My mother was very upset this morning because she is convinced someone pilfered her hearing aid batteries from a little bowl she keeps in her bedside drawer. She has to change them every other day or so.
I had brought several packets of them so she now has plenty. But she was so upset that this happened and wouldn’t let it go.
She thinks the night staff is doing this but really there is no way of knowing. I was trying to keep things light and kept changing the subject.
It does not seem worthwhile to make a big deal about this and complain to the staff, but I don’t want my mother feeling I’m blowing off her concerns.
Anyone have thoughts? I do not think she has dementia, if she does this would be the first sign.
Has she ever had her memory or cognition tested? Paranoia is one of the symptoms of dementia. People with dementia regularly accuse others (mostly their LOs and caregivers) of stealing from them. Stealing irrational things. My 94-yr old Mother is doing this more and more. There's no reasoning with her or using logic.
Buy more batteries and tell your Mom the good news that they've been found.
Will wait and see if this is a one off.
Does she have a history of UTIs?
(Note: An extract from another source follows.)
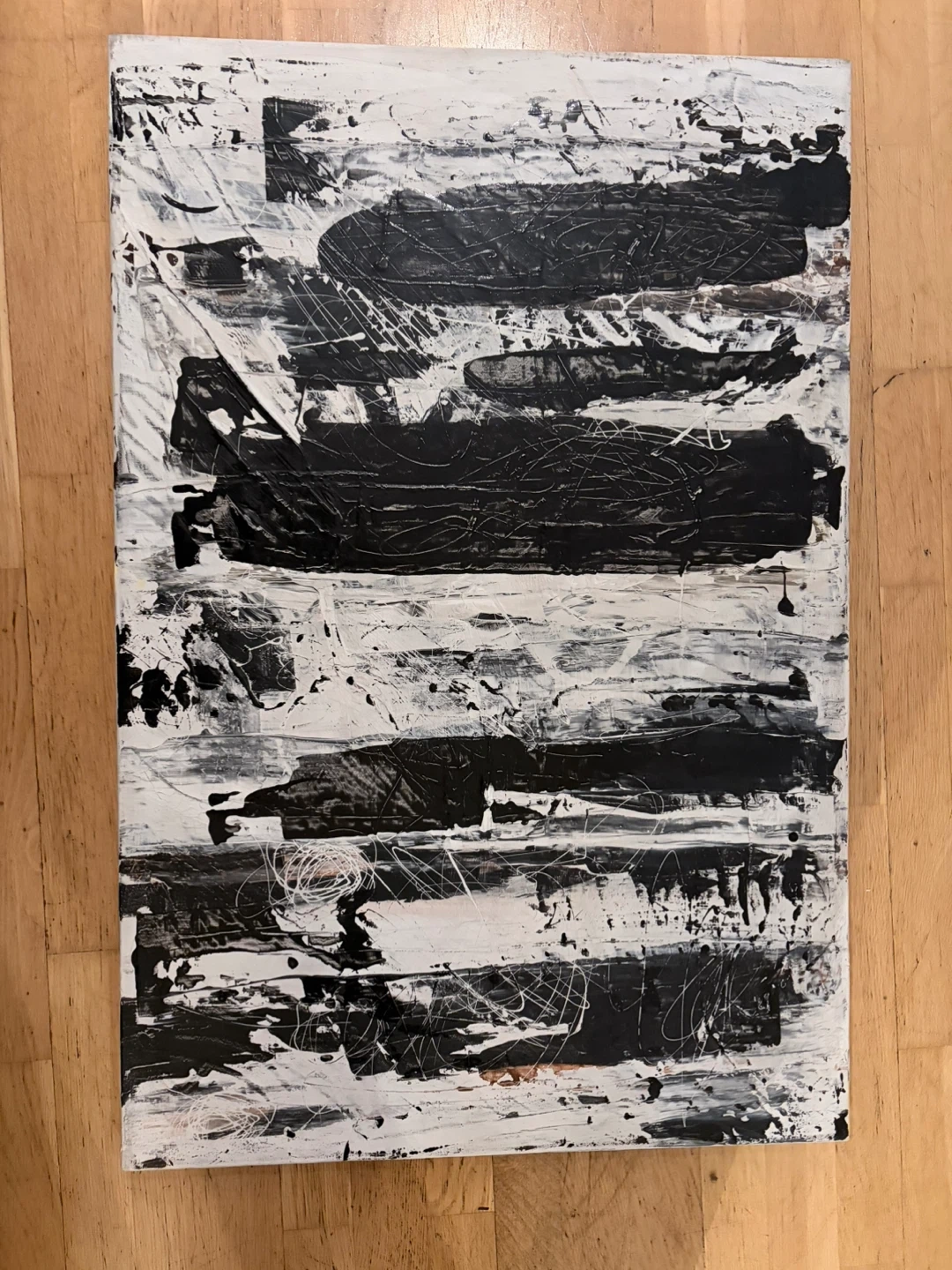 This is an original abstract painting. It features bold black strokes and white textures on a canvas. This piece would add a modern touch to any room!

They are very common in elderly woman and can cause neurological symptoms, like confusion, delusions and agitation.
Honestly, my bro was so good, but I will say that the most common thing those with some dementia do is get paranoid about "their stuff" and when he started saying cash (he should not have kept in his room) was missing (it wasn't; he changed out the book hiding place for the white towels and then forgot) I more or less read him the riot act. I told him I would NOT have him accusing people of things as I knew what it was like to be accused of something I didn't do and not be able to prove my innocence. He was an incredibly sweet man, and this pulled him back into reality a bit. When he found his stuff he said he was afraid to let the admins know he had as they would think him ready for MC, and I told him best thing he could do is tell them of that fear and admit his error.
Tell mother what I used to tell mine when she carried on about all the STEALING that occurred at her AL: tell the Executive Director about it, mom. One time she did. He told her there was nothing he could do about heresay....if she didn't see anyone take the heart necklace with her husband's ASHES in it, then she'd need to call the sheriff. Mom had gotten a whole bunch of old ladies worked up about all the THEFT that was going on, so one of THEM called the sheriff. The sheriff and the Executive Director knocked on moms door that night to ask her about the THEFT. She was furious and closed the door in their face! The next day I went over to moms apartment and found the stolen necklace in her jewelry box, right where she left it 🙄
On second thought, tell mother you found the hearing aid batteries,....they were under the bed. Save yourself all the headache and aggravation of trying to convince her of anything, and just "find" the stolen items. They are SO valuable after all....just like cremains in a necklace.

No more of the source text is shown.